Ri Insights

On the Issue of Khor Abdullah

Hamad picBy Hamad Al Thunayyan

Rai Insights Contributor

Washington D.C.: About a month ago, a political storm spurred in Iraq in response to the signed maritime agreement, between Kuwait and Baghdad, regulating navigation in the shared Khor Abdullah waterway.  Several Iraqi parliament members voiced their opposition to the agreement and accused the Abadi-led government of selling Khor Abdullah to Kuwait.  One parliament member, Awatef Neema, went further by claiming that Kuwait is a part of Iraq, and the Iraqi government should not be held accountable to any “international resolutions made by the former reckless Baathist regime”.  Moreover, just recently, the Iraqi parliament formed a temporary committee to consider the Khor Abdullah issue.

While this sudden outburst over Khor Abdullah by some Iraqi parliament members ensued for domestic political consumption, Iraqi lawmakers must understand that invoking the territorial integrity of Kuwait in their internal political squabbling is not constructive for the relations between the two countries.

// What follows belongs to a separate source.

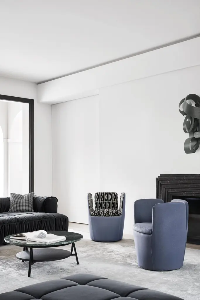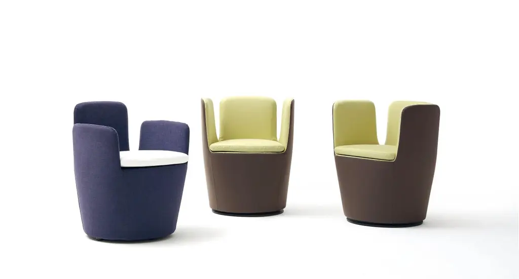 "Mojo" is a type of magic charm, the word originates from Africa, where it means "soul" or "life-force", on which the design of this armchair is based.Additional information:Materials: Upholstered seat and backrest with high armrest and black painted swivelColor: Outside Divina MD 363 - Inside Divina MD 203, T5Structure : Steel Springing : Elastic strapsSeat and backrest upholstery : Shaped polyurethane with differentiated density / polyester slip coverBase: Black painted swivelCover : Fabric or leatherDimensions: W. 63 x D. 59 x H. 76 cmSeat height: 47 cmArmrest: HighAvailable in different armrest option : LowAvailable in other upholstery options: Aran, Cabas, Etoile, Boucle, Cherie, Lama, Blog, Hero, Soho, Steelcut2, Brest , Gamma, VegaAvailable in different base options: Black painted feet in high and low armrest versions

First, the maritime deal was made in accordance with United Nations resolution 833.  This resolution explicitly notes that the 1993 formed international demarcation commission task was not to reallocate territory between Kuwait and Iraq.  The commission demarcated the Kuwaiti-Iraqi borders for the first time based on the 1963 agreement between Kuwait and Baghdad.  The two countries signed an agreement on how to coordinate the use of Khor Abdullah in 2012.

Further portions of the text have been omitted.